Молодой журналист со старой профессией. Когда в 1987 году родилась Тали Голдман , диктатура уже была историей (хотя эта история все еще терзала демократию), Рауль Альфонсин был во второй половине своего правительства; «Never Again» продавалась в книжных магазинах уже два года. И все же, все в ней, ее взгляд , ее интересы и то, как она выполняет свою профессию , кажется, пришло из прошлого . Хотя она также является ребенком своего времени и может писать сценарии для подкастов, когда дело доходит до написания истории, ее привычки и обычаи — это те, которые она усвоила с самого начала в редакциях, где люди еще курили, звонили стационарные телефоны и кричали: «Столкнувшись с логикой социальных сетей, сиюминутности, я думаю, что такие истории все еще работают », — говорит она изданию Clarín за несколько дней до публикации своей третьей книги «Как можно так сильно любить кого-то» (Paisanita editora).
Этот том можно считать своего рода руководством по хорошей журналистике : три совершенно разные хроники, которые, однако, связаны, переплетены общей темой и пересечениями между их главными героями, поскольку все три по-своему (и по-разному) отражают способ быть журналистом .

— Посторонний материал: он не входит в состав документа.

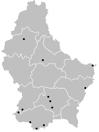 A map of cantons of Luxembourg after mergers of 2006-01-01, with locations of teams in the Luxembourg National Division in season 2005-06 marked.
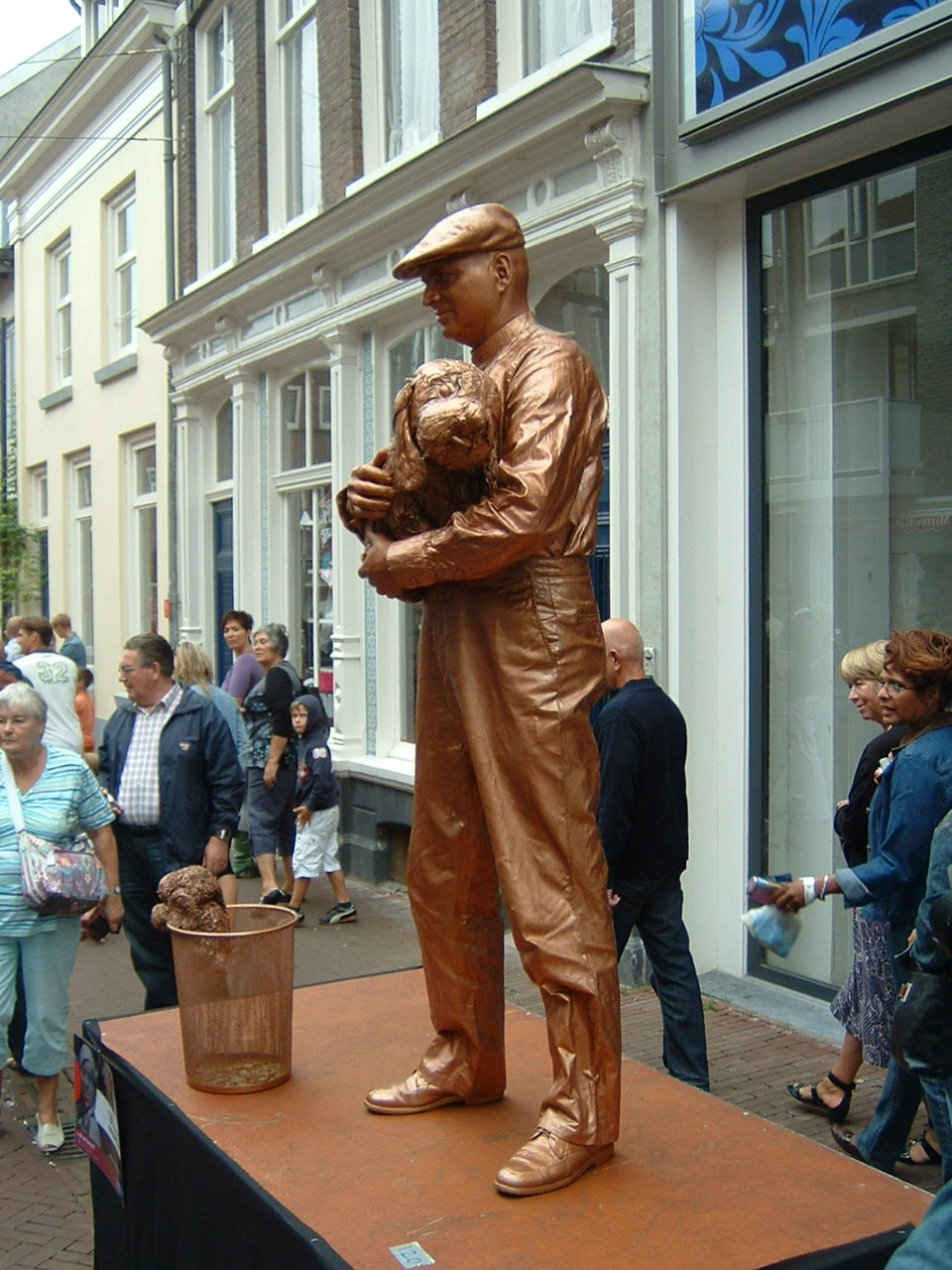 World Statues, Arnhem (The Netherlands)
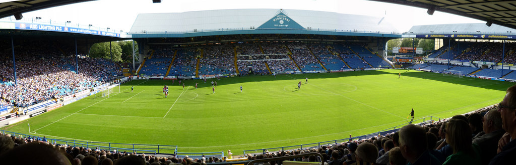 Hillsborough Stadium, Sheffield, near to Parson Cross, Sheffield, Great Britain. Home of Sheffield Wednesday FC. The view from my seat, with an unusual score on the board!
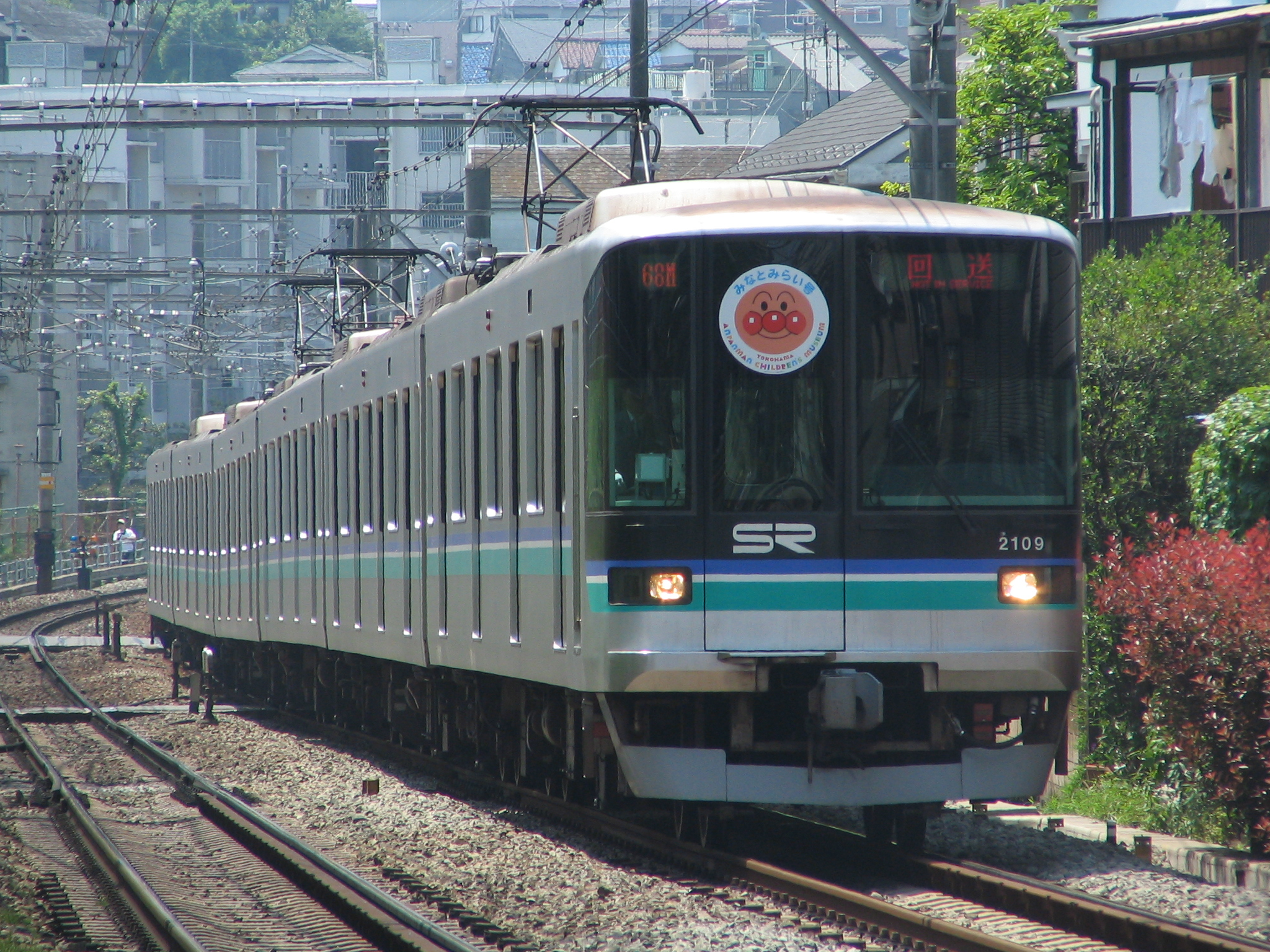 埼玉高速鉄道2000系 白楽～妙蓮寺にて Saitama Railway Corporation type 2000 between Hakuraku and Myorenji.
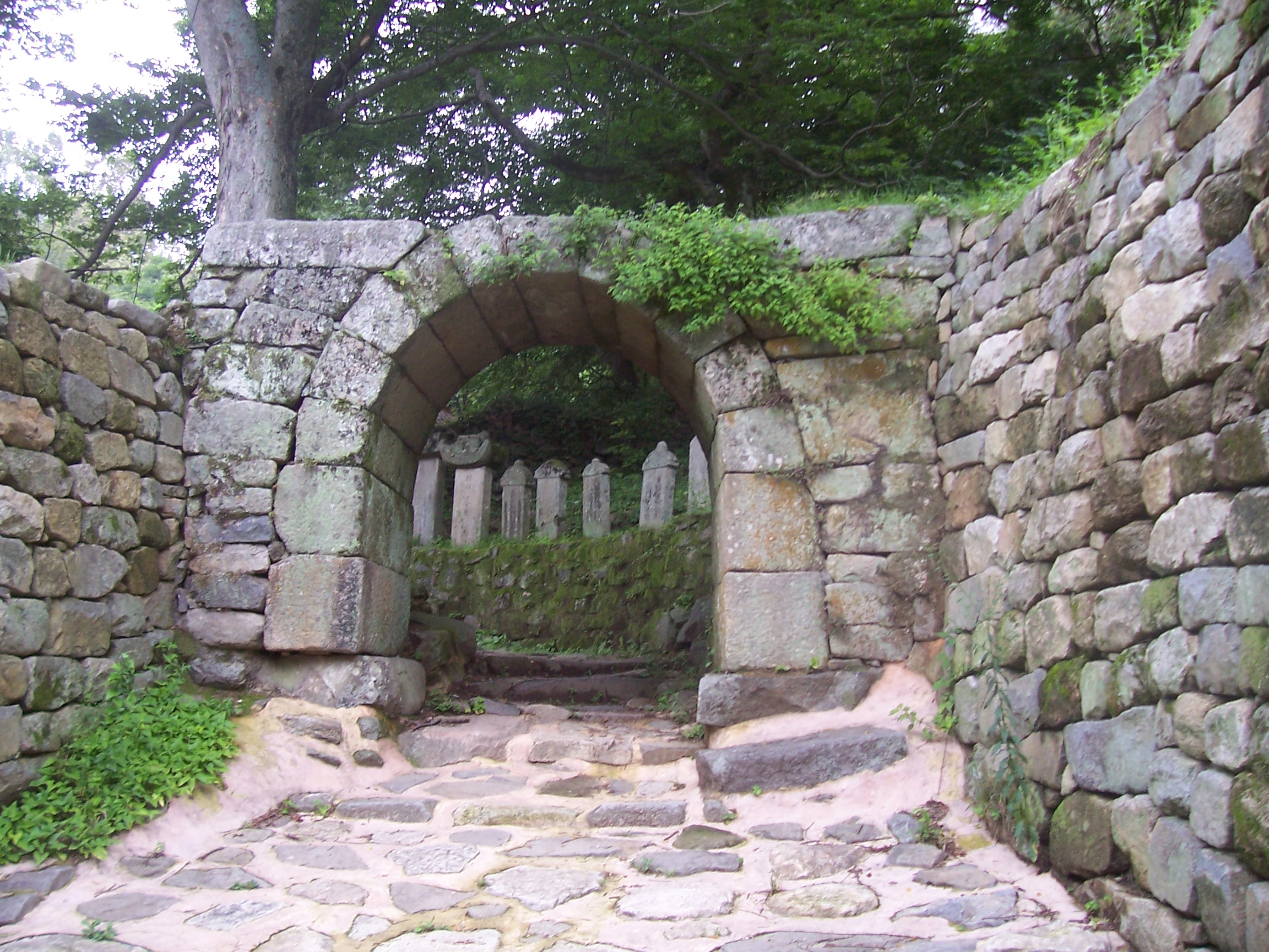 Mountain Top Fortress (2)

Первая часть носит такое же название, как и книга, и рассказывает историю Дианы Васснер де Маламуд , номинального лидера Memoria Activa с тех пор, как ее муж погиб во время нападения на AMIA, но в ней также рассказывается история этой страны через призму жизни этой вдовы. Во втором фильме, «Операто Милут», реконструируются действия Даниэля Реканати по спасению более 400 человек из лап диктатуры Еврейского агентства для Израиля в Буэнос-Айресе. Последняя лента называется «После репрессивного Родольфо Уолша». В ней разворачивается кинематографическая операция в разгар пандемии по экстрадиции бывшего префекта Гонсало «Чиспы» Санчеса из Бразилии, обвиняемого, среди прочего, в похищении автора «Операции резня» .
Они могли бы быть отдельными хрониками — действительно, в то время они таковыми и являлись, — но здесь они функционируют как целостное повествование: история Аргентины за последние 50 лет и сохраняющаяся напряженность, которая так же актуальна, как и полвека назад.

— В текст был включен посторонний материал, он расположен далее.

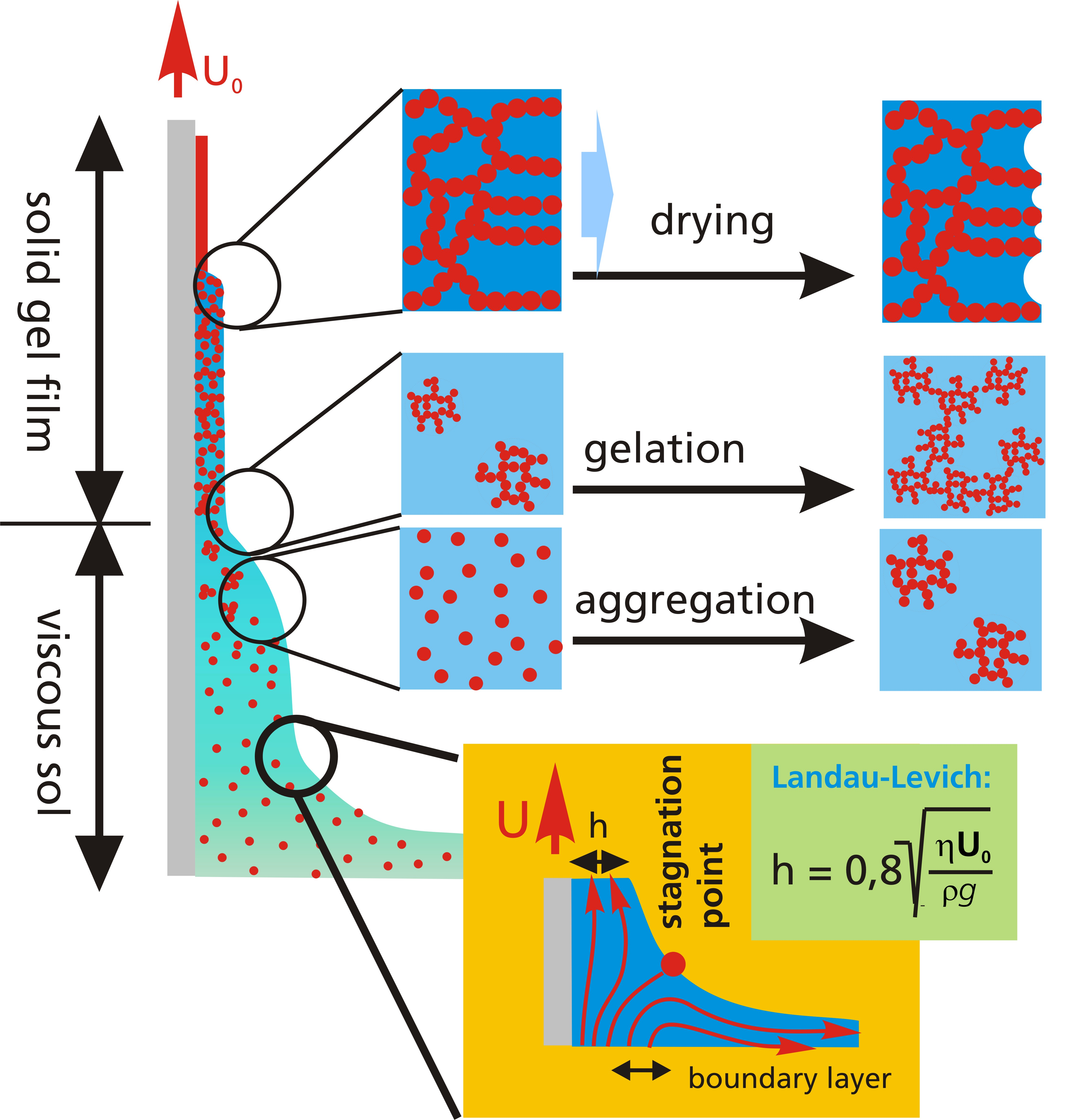 Details of Sol-Gel dip coating process

–В книгу вошли три хроники, одна из которых получила премию в прошлом году, а две другие ранее публиковались в латиноамериканских журналах и были переизданы здесь в этом формате. Как и почему вы выбрали именно их, а не другие? Что их объединяет?
–Первую часть хроник я начал вести самостоятельно. Никто меня об этом не просил, и на самом деле я предлагал это различным СМИ, но никто не принял это, потому что считал, что об этом уже было сказано. На самом деле, было опубликовано много интервью с ней, но мне хотелось взглянуть на другие вещи, увидеть эту женщину в возрасте около 30 лет, с двумя маленькими дочерьми, которая становится вдовой и начинает искать справедливости для своего мужа и всех жертв AMIA. В то время я была матерью на несколько лет старше ее и могла сопереживать той стороне этого опыта, которая была иной. Вторая хроника связана с этой, поскольку в ней есть момент, когда пересекаются судьбы Дианы Маламуд и Даниэля Реканати. Кто-то сказал мне, что во время диктатуры она отправилась в изгнание благодаря усилиям Еврейского агентства. Для меня это важная статья, потому что я впервые написал о диктатуре и еврейской общине. И третья хроника также очень важна, потому что это была первая хроника, которую я опубликовал в Gatopardo, первая, отредактированная Лейлой Герриеро, и в ней также присутствовал еврейский резонанс в фамилии Эзекиля Рочистейна, национального директора уголовного розыска Министерства безопасности, который руководил операцией. Все трое объединили две темы: диктатуру и еврейство, которые также являются двумя навязчивыми идеями, проходящими через все мое творчество.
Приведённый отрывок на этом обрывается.